Note: Descriptions are shown in the official language in which they were submitted.
CA 02276926 1999-07-09
Name of the inventor: Thomas E. Tomosy
Name of the invention: FINBOARD
SPECIFICATION
This invention relates to fin-driven recreational
watercraft and more particularly to watercraft having one or
more horizontal flexible fins, and kept in dynamic balance,
driven forward and maneuvered entirely by the actions of the
user.
Presently proposed fin-driven craft tend to use
mechanical devices analogous to either fish or marine mammal
anatomy. That is, the driving fin is flexibly suspended on the
end of a beam which is pivoted inboard and swept horizontally
for vertical fins and vertically for horizontal fins. In
designs where the beam is eliminated and the fin is pivoted at
or close to its leading edge, the result is gross
inefficiency. Fins at the end of a long beam, on the other
hand, often need complicated support mechanism and/or
stabilizers which add to the hydrodynamic drag and again
result in inefficient operation.
The present invention overcomes these difficulties by
proposing a simple integrated design, with a minimum of moving
parts whereby one or more fins are attached by elastically
restrained hinges to a suitably shaped buoyant body (the
board). A vertical rhythmic displacement is imparted to the
complete apparatus--including the fins--by the user by
lowering and raising his center of gravity by flexing his
knees. The fins, due to their elastically restrained hinges
and the resultant hydrodynamic pressure, assume a slanted
attitude that converts each vertical displacement of the board
to a horizontal forward driving momentum.

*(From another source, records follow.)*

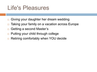 Real estate can provide long-term financial freedom through appreciation, leveraging, and tax advantages. Real estate investments allow living in the investment property while it increases in value and forces a long-term outlook. Real estate investment trusts (REITs) offer public, diversified real estate investments with minimal investment and high dividend payouts, making them suitable for beginners. Investing in real estate through vehicles like REITs can generate the financial freedom to support family goals like weddings, vacations, education, and retirement without problem.
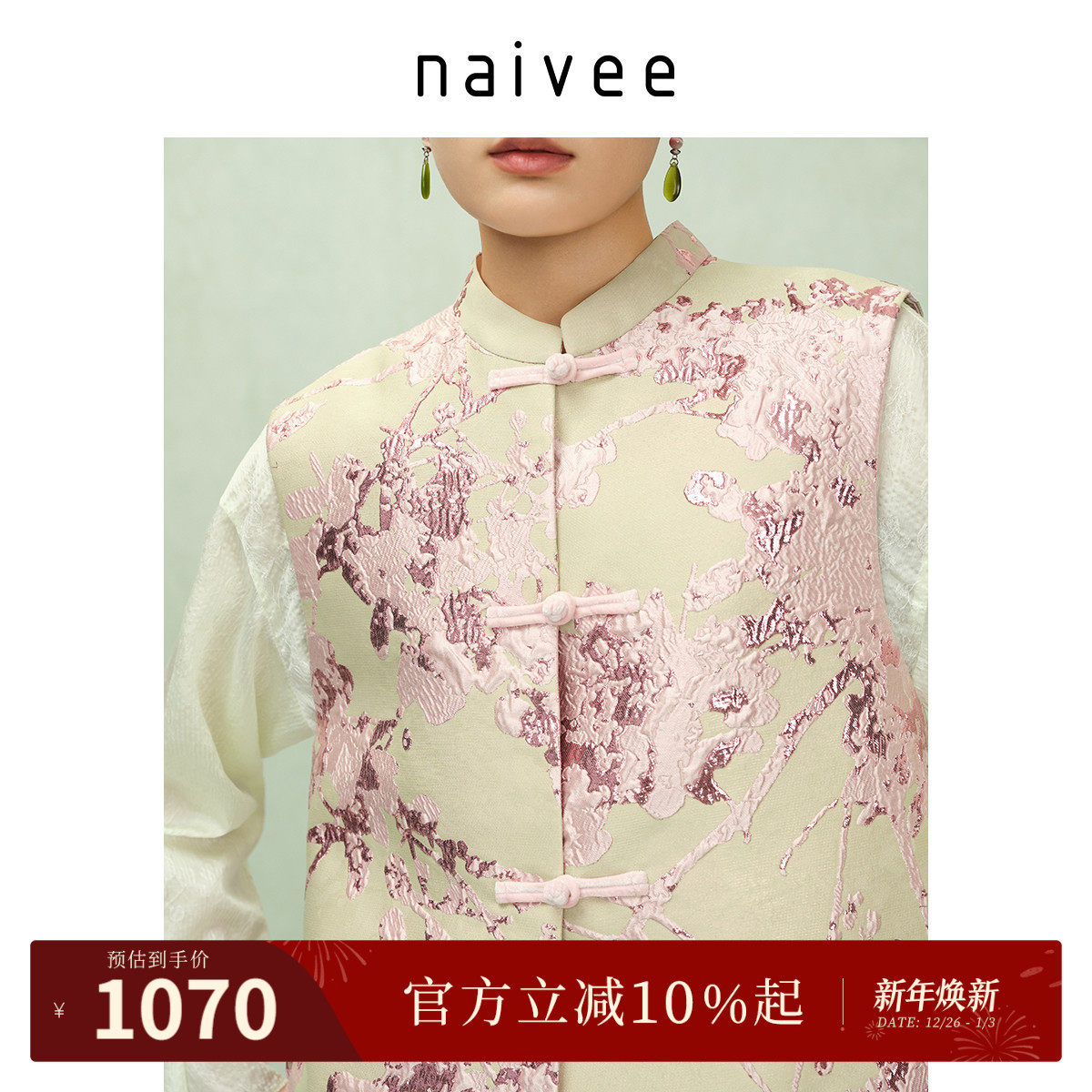 桃红柳绿马甲』naivee纳薇25秋新款新中式宋式锦提花无袖国风马甲
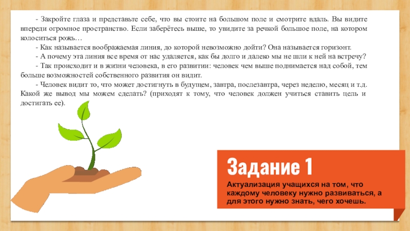 - Человек видит то, что может достигнуть в будущем, завтра, послезавтра, через неделю, месяц и т.д. Какой же вывод мы можем сделать? (приходят к тому, что человек должен учиться ставить цель и достигать ее).

The shape of the buoyant body is such that it is able to
move efficiently through water in a vertical direction in
addition to the longitudinal direction. Hydrodynamic drag is
further reduced by a simple and clean design with no beams,
arms, stabilizers or other extraneous components.
The principle object of the invention is to provide a
muscle-powered water craft that is fin driven, is fast and has
the potential of becoming the fastest muscle-powered water
craft.
Another object of the invention is to provide a sports
instrument for the water lover that depends entirely on the
sportsman's muscles and reflexes for operation.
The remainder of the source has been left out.